My cousin and I went out and after striking out on several public numbers in 75 to 125' deep decided to change up a little and stumbled on a honey hole that lit up my bottom machine. Caught 3 nice endangered ARS but couldn't close out a 2-man limit. Caught 10 mongos and a nice white snapper. Then my cuz pulled up the biggest damn trigger I think I have ever seen. Must have stumbled across somebody's high-dollar private spot, didn't have another boat come near us while we were there. If I can figure out how to post pics will put one up. Great day on the water, but it did get a bit sporty on the way back in.


----------



## Joe Sixpack (Jul 30, 2011)

Learned how to add pics.


----------



## Mac1528 (Mar 24, 2012)

Nice bunch of fish plus an added bonus, new spot to fish!

Sent using tapatalk


----------



## GROUPERKING (Sep 28, 2011)

War Eagle !


----------



## Joe Sixpack (Jul 30, 2011)

That's my cousin, should have thrown him overboard for wearing that hat.


----------



## GROUPERKING (Sep 28, 2011)

Joe Sixpack said:


> That's my cousin, should have thrown him overboard for wearing that hat.

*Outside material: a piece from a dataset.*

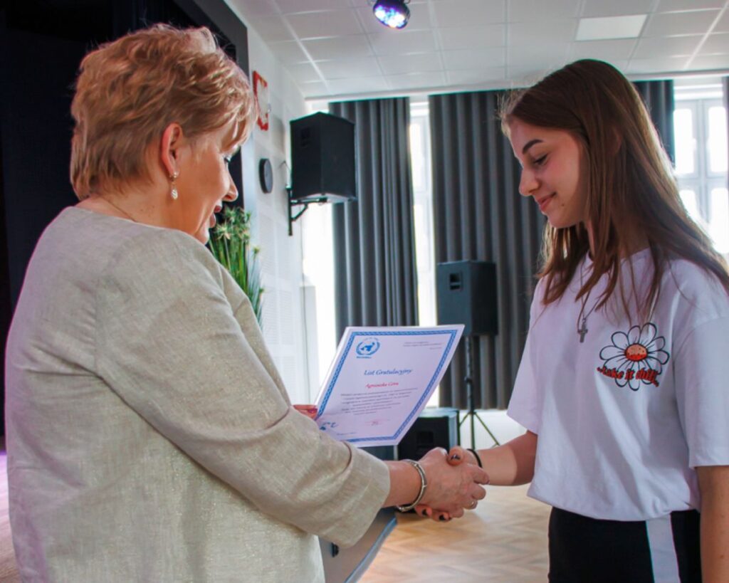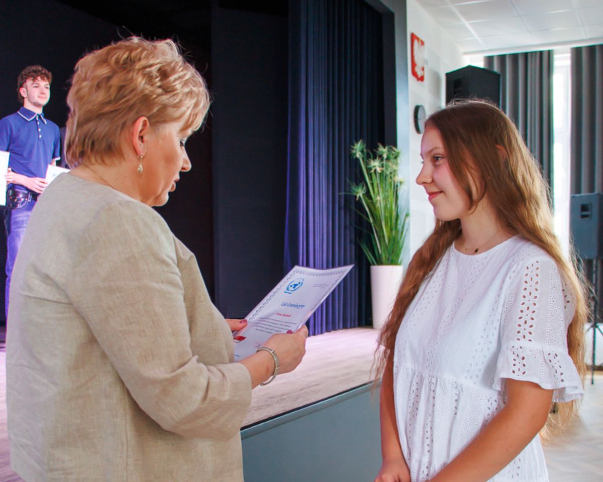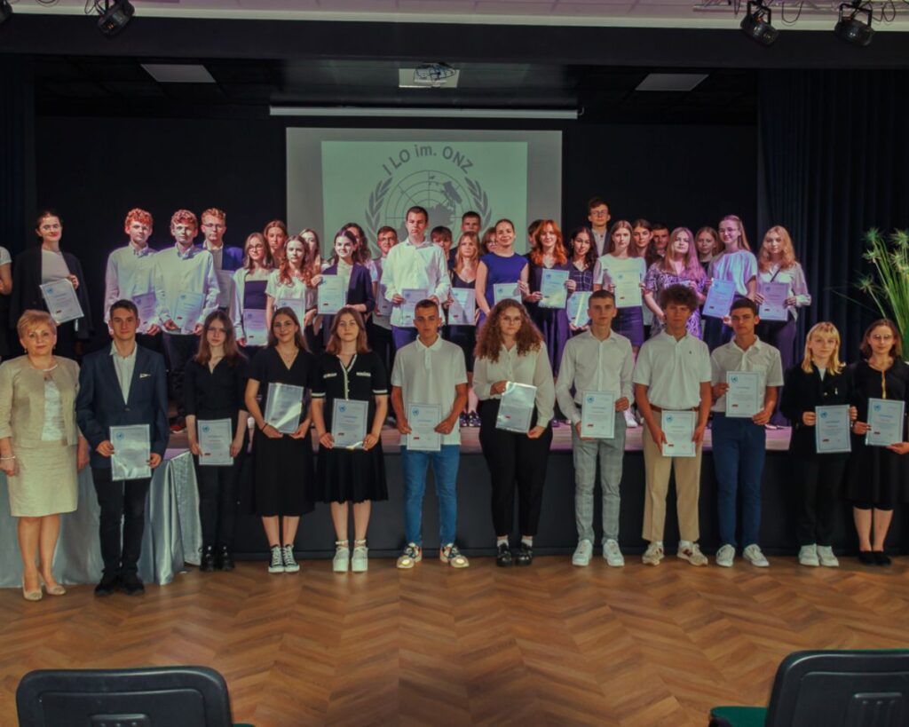 Uczniowie naszego liceum wzięli udział w 23 olimpiadach, 55 konkursach, a sukcesy osiągnęło 76 licealistów. Z kolei w zawodach sportowych po najwyższe laury sięgnęło 56 uczniów. Wręczając listy gratulacyjne, Dyrektor Jolanta Rycyk życzyła wszystkim dalszych sukcesów.

 Oh come on man, that hat was your good luck charm ! "Found a new spot caught all those fish." You probably need to go buy you one.


----------



## Joe Sixpack (Jul 30, 2011)

Best part of the trip is that it was the first time I've been able to get on fish without a guide on the boat. Have hit a gazillion of the public numbers and just never been able to get on them.


----------



## 2RC's II (Feb 2, 2012)

Joe Sixpack said:


> Best part of the trip is that it was the first time I've been able to get on fish without a guide on the boat. Have hit a gazillion of the public numbers and just never been able to get on them.


 Wrong bait would be my guess. Fish are on all of them!


----------



## Joe Sixpack (Jul 30, 2011)

2RC's I have spent whole trips bouncing from spot to spot without marking fish. I went over this spot while trolling and the bottom machine was lit up like a Christmas Tree.


----------



## Kim (Aug 5, 2008)

I have hit a bunch of public spots out of Destin in the last few weeks and most of them hold few fish and not a whole lot of Snapper. Some of them mark fish well on the bottom machine. Dropping down on some of those we caught lots of Ruby Red Lips, Sand Perch, Red Porgies and one Red Snapper. I just don't see the numbers of snapper that many claim are all over these public numbers. The Porgies and bait fish are so thick that it gives a good show on the machine but that's about it.


----------



## hjorgan (Sep 30, 2007)

Post a pic of those number!!!


----------